After Tesla’s most recent price cuts, the EV maker’s best-selling EVs now directly compete with gasoline cars on price. At $38,990, the base Model 3 is $8,700 less expensive than the U.S. average for buying a vehicle.
According to Bloomberg Green research, the starting price of a Model Y SUV is $3,700 less than the approximate $48,000 national average for new cars. Moreover, Tesla began lowering its prices at the start of the year, putting pressure on established automakers who were already finding it challenging to turn EVs into a profitable venture.

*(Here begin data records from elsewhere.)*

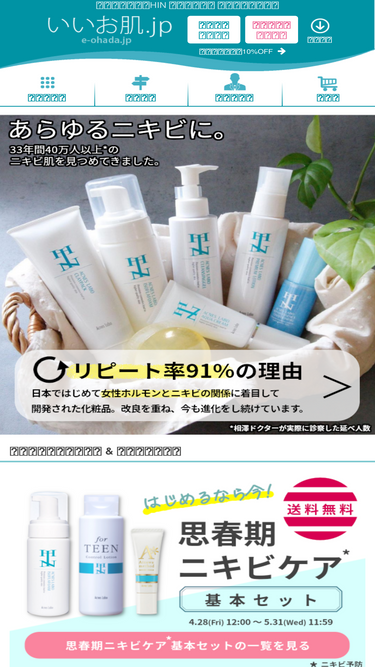 87%ニキビ治療で有名な皮膚科専門医のドクター相澤が開発した化粧品のサイトです。ニキビは殺菌だけではキレイにならない!根本的改善を考えて作りだした化粧品の通販サイトです。大人ニキビの対策はhinアクネスラボ化粧品「いいお肌.jp」で。
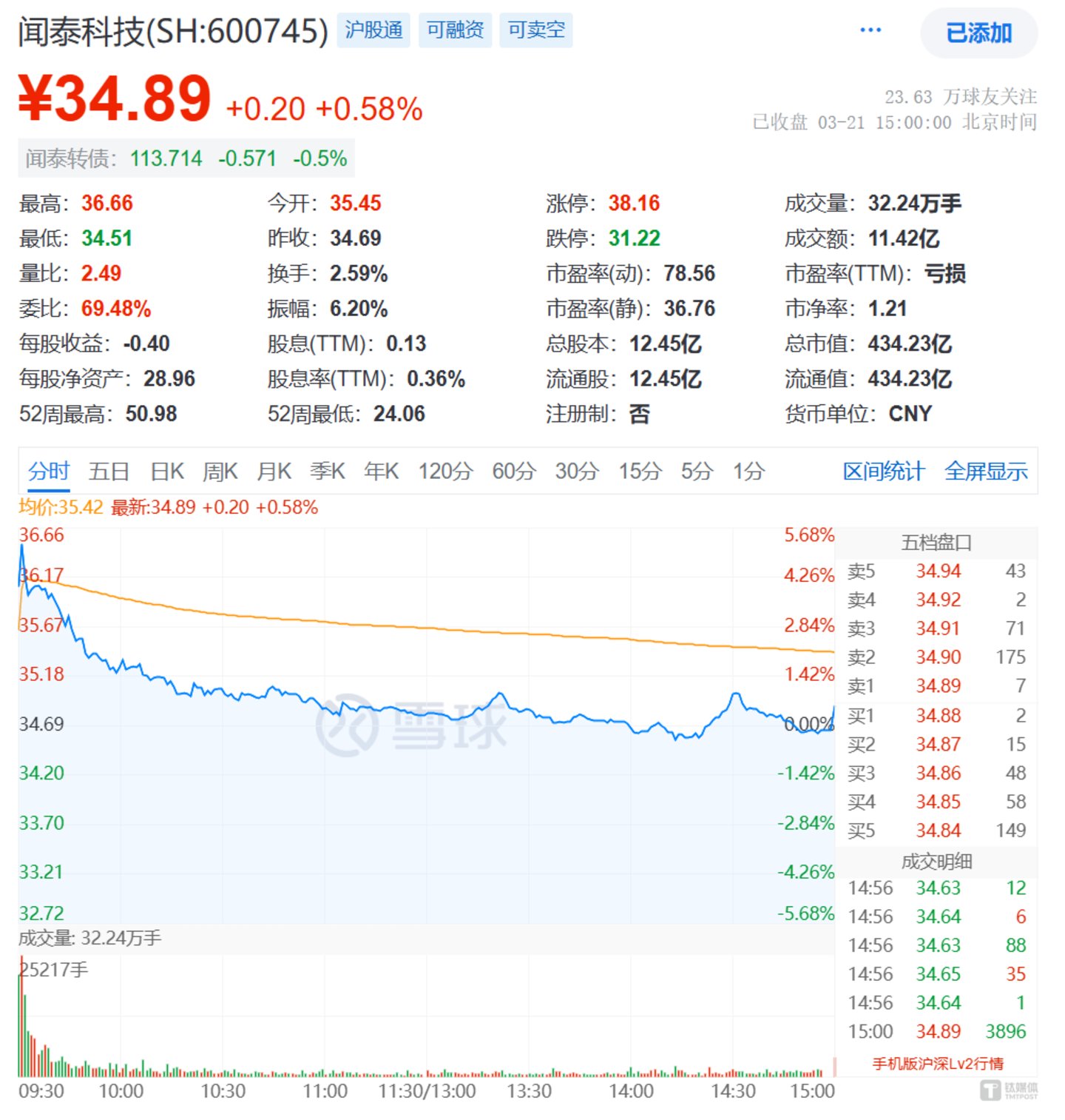 二级市场方面,闻泰科技股价高开5个点,收涨0.58%。
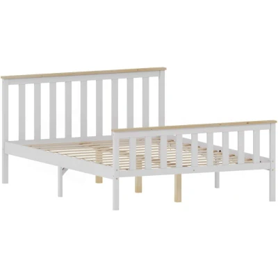 Amazon Basics Milan Double Bed, Bed Frame, Solid Pine Wood, Headboard, High Foot End Bedroom Furniture, 4ft, White/Pine, 82 x 144 196.5 cm (Previously Movian brand)
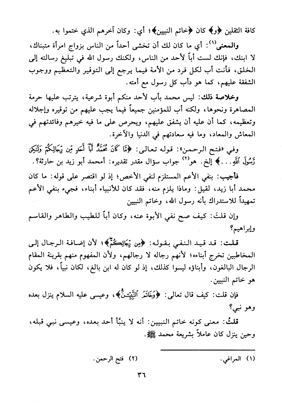 وفي "فتح الرحمن": قوله تعالى: {مَا كَانَ مُحَمَّدٌ أَبَا أَحَدٍ مِنْ رِجَالِكُمْ وَلَكِنْ رَسُولَ اللَّهِ ...} إلخ. هو (¬2) جواب سؤال مقدر تقديره: أمحمد أبو زيد بن حارثة؟.

Sam Korus, an analyst at Ark Investment Management, oversees funds with roughly $1.27 billion in Tesla stock, said: “Now the fun part of cost declines… life after price parity.” He continues, “There is no reason why EV prices or battery costs should stop falling at price parity. The product’s price can decrease or stay in the same price range while performing better.”
Although Tesla’s reductions last week had minimal impact on its stock price, this year’s constant cuts have alienated some investors. Gary Black, managing partner at The Future Fund, said last week’s changes alone will cost Tesla $1.2 billion a year starting in 2024. Black has pushed for Tesla to invest money in conventional advertising efforts rather than price reductions on his widely followed X social media account. It “Amazes me that Tesla uber-bulls are trying to spin the price cuts as positive,” Black wrote in a post on October 6. Instead of offering price reductions, “We would prefer Tesla use long-term advertising investment to educate owners of internal combustion engines to go EV.”

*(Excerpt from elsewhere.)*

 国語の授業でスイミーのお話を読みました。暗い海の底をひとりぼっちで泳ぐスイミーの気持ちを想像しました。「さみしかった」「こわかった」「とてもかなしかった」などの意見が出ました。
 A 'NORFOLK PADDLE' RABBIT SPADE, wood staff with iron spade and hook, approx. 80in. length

The starting price of the Model 3 is now $6,500 less than the cheapest BMW 3 Series, which is frequently considered as Tesla’s direct gasoline-powered rival. The full-size sedan Model S and the three-row SUV Model X, two of Tesla’s higher-end vehicles, have also seen price cuts. Those reductions make the vehicles the most affordable models compared to the U.S. average transaction price. Nevertheless, according to Edmunds, the baseline price for a new car in the U.S. in September was $47,698.